Modification of Gut Microbiota in the Treatment of Insulin Resistance: a Personalized Approach (TRIEMA)

The aim of this project is to study the possibilities of gut microbiota manipulation in type 2 diabetes (T2D) towards more beneficial genetic and metabolic profile. This study address several issues. First, identification of specific metagenome/metabolome features characteristic for human cohorts with different risk of T2D development. Second, the resilience of microbiota associated with beneficial metabolic phenotype in pro-diabetogenic environment and the possibility to support its survival by prebiotic treatment. Third, development of the method for personalized prediction of the effectivity of prebiotic treatment in T2D patients and the evaluation of the benefit of long-term prebiotic administration in responders´ subpopulation. The project will be realized in three work packages.

WP1: Observation study focused on the description of gut microbiome and metabolome in obese type 2 diabetics, vegans and obese but otherwise healthy omnivores and identification of key markers specific for these populations.

WP2: Study focused on the interaction of vegan microbiota and pro-diabetogenic (western-type) diet and on the effects of prebiotic supplementation in germ-free animals. In addition, the effect of diet-alone and the effect of standardized Schaedler flora will be tested as well.

WP3: The identification of predictive markers indicative for the benefit of prebiotic treatment in the individual context (T2D cohort) and second, long-term human intervention study in the selected responders´ group aimed on the possibility of therapeutic modulation of gut microbiome/ metabolome by prebiotics. Only WP3 is subjected to clinical trial registration.

In details:

WP 3: Identification of T2D subpopulations according to their susceptibility to dietary fiber intervention Questions:

1. Are there different subpopulations within T2D subjects that differ in their ability to increase SCFA production in response to prebiotic supplementation?
2. Is it possible to identify these subpopulations ("responders" vs "non-responders") by simple intervention test?
3. Is this phenomenon associated with specific microbiota composition?
4. Within "responder" subpopulation, is it possible to manipulate fecal metabolome/metagenome towards more beneficial composition by long-term prebiotic intervention? In order to fulfill this task microbiome characterization of T2D cohort in WP1 will be used.

The aim of WP3 is to provide the proof of concept that a diet enriched with specific prebiotics improves the specific (SCFA) metabolite production and that the beneficial effect is dependent on pre-existing microbiota composition.

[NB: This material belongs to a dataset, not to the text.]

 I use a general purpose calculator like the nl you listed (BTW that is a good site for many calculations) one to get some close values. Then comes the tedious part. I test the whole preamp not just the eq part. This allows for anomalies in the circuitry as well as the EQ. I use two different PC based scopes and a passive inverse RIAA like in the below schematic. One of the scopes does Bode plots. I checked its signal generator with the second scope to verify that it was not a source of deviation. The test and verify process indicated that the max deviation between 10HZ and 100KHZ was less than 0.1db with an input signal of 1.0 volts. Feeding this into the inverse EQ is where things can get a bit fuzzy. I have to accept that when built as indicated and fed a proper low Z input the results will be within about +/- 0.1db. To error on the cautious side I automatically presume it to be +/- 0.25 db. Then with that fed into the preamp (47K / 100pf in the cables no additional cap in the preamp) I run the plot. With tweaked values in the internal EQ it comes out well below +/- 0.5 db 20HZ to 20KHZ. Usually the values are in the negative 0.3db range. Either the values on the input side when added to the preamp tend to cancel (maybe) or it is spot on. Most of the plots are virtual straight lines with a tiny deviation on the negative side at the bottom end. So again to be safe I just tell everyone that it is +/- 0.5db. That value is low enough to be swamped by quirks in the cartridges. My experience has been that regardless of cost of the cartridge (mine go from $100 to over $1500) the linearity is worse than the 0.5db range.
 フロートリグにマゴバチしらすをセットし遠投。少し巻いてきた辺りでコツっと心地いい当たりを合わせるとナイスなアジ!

Acute intervention test ("inulin test") The participants enrolled into T2D cohort will be asked to participate in short-term intervention test. They will be provided the prebiotic and instructed on the test procedure.

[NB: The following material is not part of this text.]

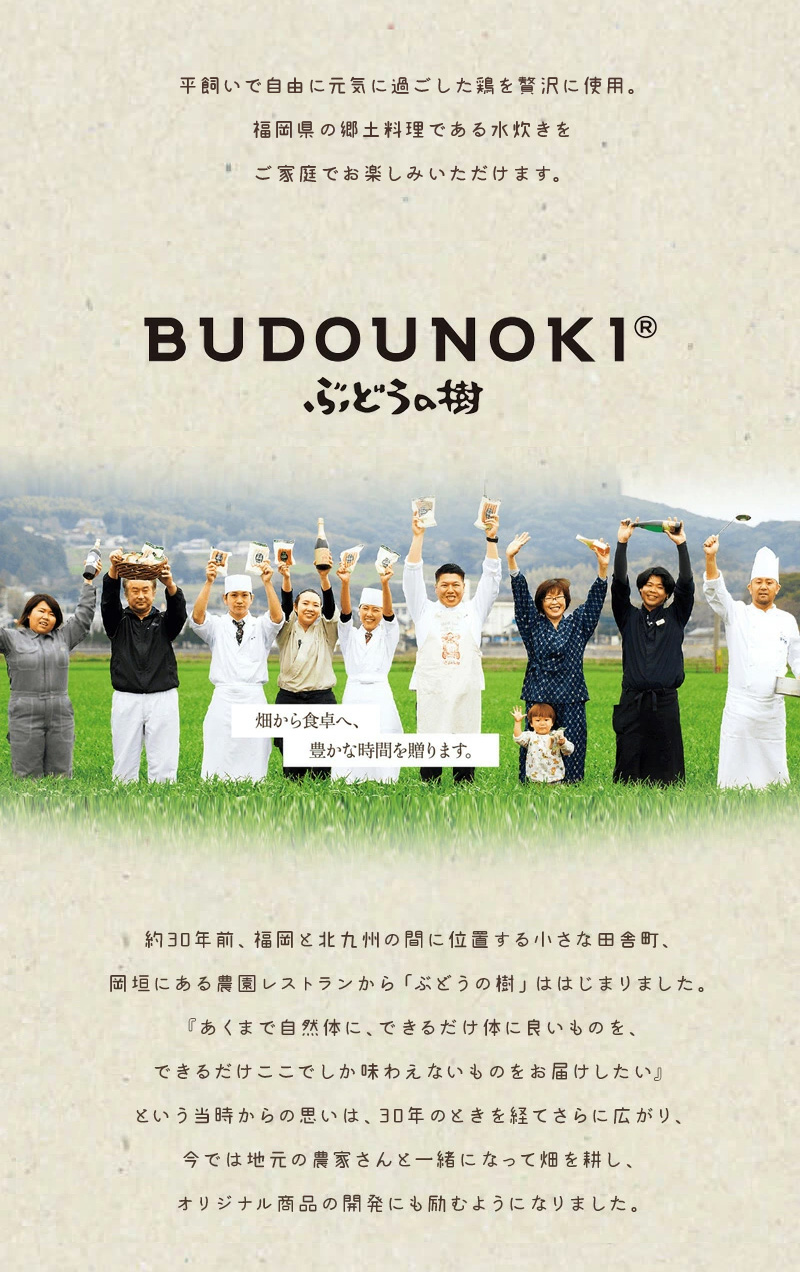 商品の特徴 平飼いで自由に元気に過ごした鶏を贅沢に使用。福岡県の郷土料理である水炊きをご家庭でお楽しみいただけます。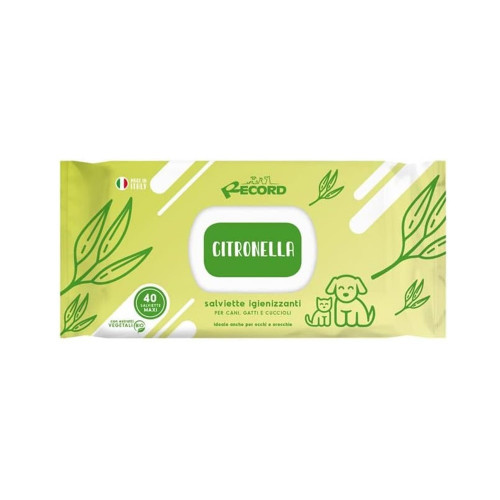 Record Salviette Citronella 40 ks - univerzálne obrúsky na čistenie srsti, očí a uší psov a mačiek, s vôňou citrónovej trávy

Step 1: sample the stool ("sample 1"); step 2: take the dose (20 g) of inulin; step 3: during following three days collect sample of feces at each defecation. The samples will be analyzed by NMR and mass spectrometry with special respect to SCFA content.

Primary readout: The magnitude of SCFA content elevation after the bolus prebiotic administration.

Secondary readout: The potential association between the response to prebiotic bolus and microbiota composition.

Long-term intervention study Based on the results of acute inulin intervention test, the subgroups of most pronounced "responders" and "non-responders" will be selected (defined as both extreme tertiles of the group, at least 10 subjects are expected to be enrolled per subgroup). Participants from both subgroups will be asked to take part in three months intervention study when they will be administered 10 g of inulin prebiotic (FAN s.r.o., Tišice 225, 27715 Tišice) on every-day basis. Prior and at the end of the intervention period, the participants will be subjected to metabolic characterization, indirect calorimetry and assessment of intestine permeability. Feces samples will be collected before the study and then after each month for 16S rRNA sequencing, NMR spectroscopy and mass spectrometry.

Primary readout:

gut microbiome and fecal, urine and plasma metabolome composition of feces

Secondary readouts:

1. metabolic characteristics: basal blood tests (glucose, lipid profile, NEFA, insulin, C-peptide); twostep hyperinsulinemic euglycemic clamp; indirect calorimetry with energy expenditure and respiratory quotient
2. intestinal permeability markers: serum content of bacterial endotoxin, D-lactate, endotoxin core antibody, iFABP and citrulline.

Expected outcome: validation of short prebiotic intervention test as a tool for prediction of the efficiency and benefit of long-term prebiotic supplementation; evaluation of the benefit of long-term prebiotic supplementation in T2D "responder" subgroup.